Showing posts with label district 9. Show all posts
Showing posts with label district 9. Show all posts

Tuesday 10 March 2009

District 9 :: Spacism in the Kasi

There is a raw and maverick quality to the short film Alive in Joburg. Ever seen a prawn Poleepkwa in a bio-suit toss a casspir at a pair of pestering soldiers? Not only did the 2005 project showcase some slick computer-generated imagery but it also put a curious spin on the theme of discrimination by dropping found-footage from the Apartheid era into a story about intolerance towards stranded aliens. South Africa’s subsequent xenophobic attacks bathed the piece in a glow of surrealism and made it even more clever than it was intended to be. The compelling stylistic amalgam earned director Neill Blomkamp a string of jobs to promote the release of Halo 3 and got him earmarked to direct a feature based on the Halo franchise. When the project fell through, Peter Jackson came to the rescue by offering to produce a feature-length re-working of Alive in Joburg. Jackson stuck his hand in his pocket and pulled out US$30 million in loose change. Blomkamp went to the kasi and came back with District 9.

Technically a product of New Zealand and the United States, District 9 is set in South Africa in the late twentieth century and features live action shot on location in the townships of Johannesburg. What makes it different to other international productions that exploit South African themes and stories (i.e. Invictus) is that it is directed by someone who grew up in South Africa and features South Africans in the lead roles. The fact that Blomkamp is an ex-South African is significant insomuch as he uses the long arm of science fiction as a tool to engage the Apartheid experience. What else but Blomkamp’s displacement from life in South Africa as well as his need as an immigrant to resolve his South African identity could result in such a schizophrenic rendering of the social and political environment he grew up in?

District 9 has exposure to the SABC of the 1980s written all over it. The mock news footage in the film speaks to white South Africa’s mediated experience of the realities of township life and reminds us that our contemporary understanding of Apartheid “unrest” is predominantly televisual. We tend to forget that township tours in the 80s were restricted to gun-wielding security forces, meaning that life in the slums was imaginary for those who had never been there. The mystery of life in urban squalor has since spawned a genre of films that brings the experience of township life into vivid existence for the international bourgeoisie. While “slumsploitation” has been delivered in racy packages likes City of God, Tsotsi and Slumdog Millionaire, District 9 is by far the most radical township fantasy the world has ever seen.

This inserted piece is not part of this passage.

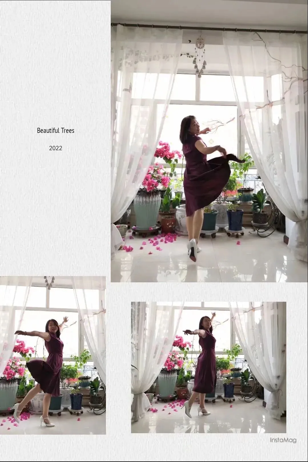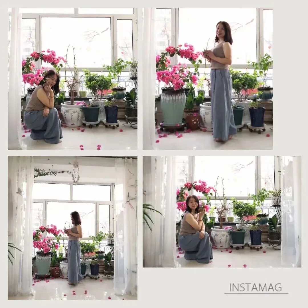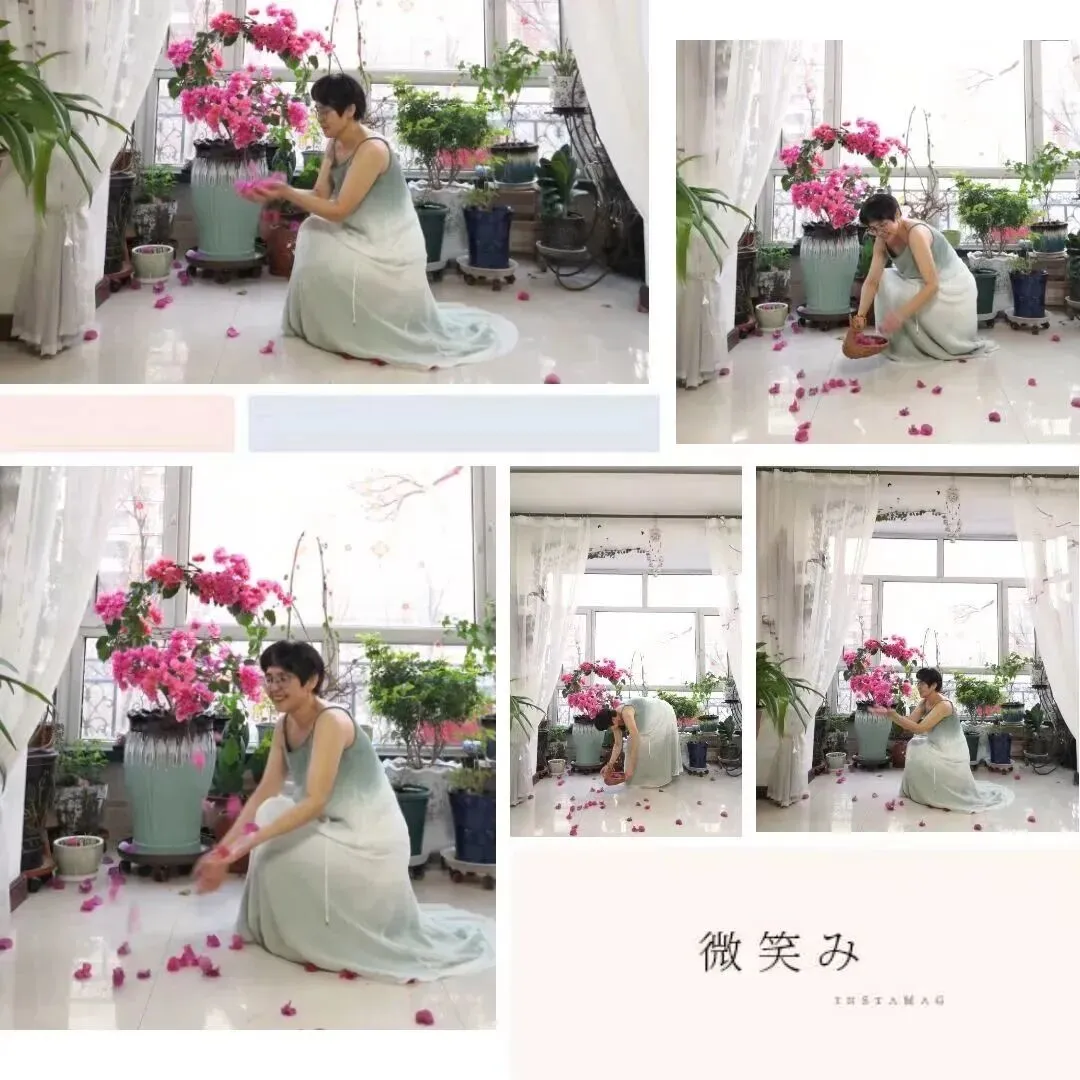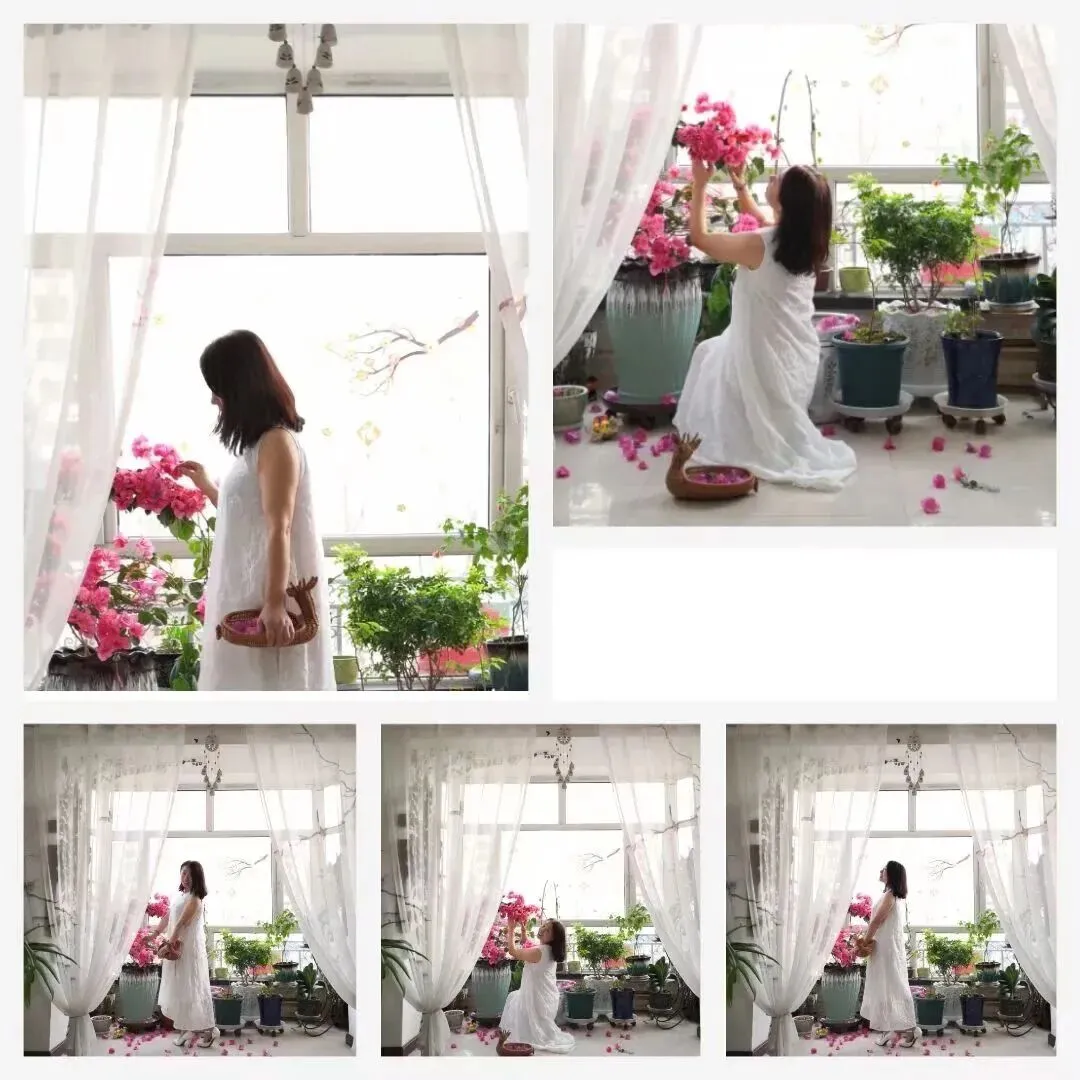 开始第四套服装!尉姐用力晃了晃那盆三角梅,顷刻,便花朵满地,她手拿花篮捡起了花瓣,我赶紧抓拍。

In a nutshell, District 9 uses a documentary framework (i.e. Carte Blache) to tell the story of a man’s strange biological metamorphosis (i.e. The Fly) and how it facilitates solidarity with a homesick alien (i.e. E.T. the Extra-Terrestrial). Wikus van de Merwe (Sharlto Copley) is reminiscent of fictional Afrikaans forebears like the quirky, pathos-driven characters of Leon Schuster and the stammering biologist played by Marius Weyers in South Africa’s most famous contribution to world cinema to date. In fact, District 9 is probably the most profoundly South African film since The Gods Must Be Crazy. Both films use political incorrectness to mock prejudice and both are hinged on novel, captivating premises. However, after an inspired opening sequence that satirises modern life, The Gods Must Be Crazy descends into slapstick banality (albeit great entertainment). Similarly, everything conceptually brilliant about District 9 is told in the six minutes of Alive in Joburg. The allegorical spear at the centre of the feature does deliver some sharp thrusts but can’t support the narrative it’s yoked to and promptly self-destructs. Nevertheless, we do get to see guns that turn people into pasta sauce (which is what most people came for in the first place).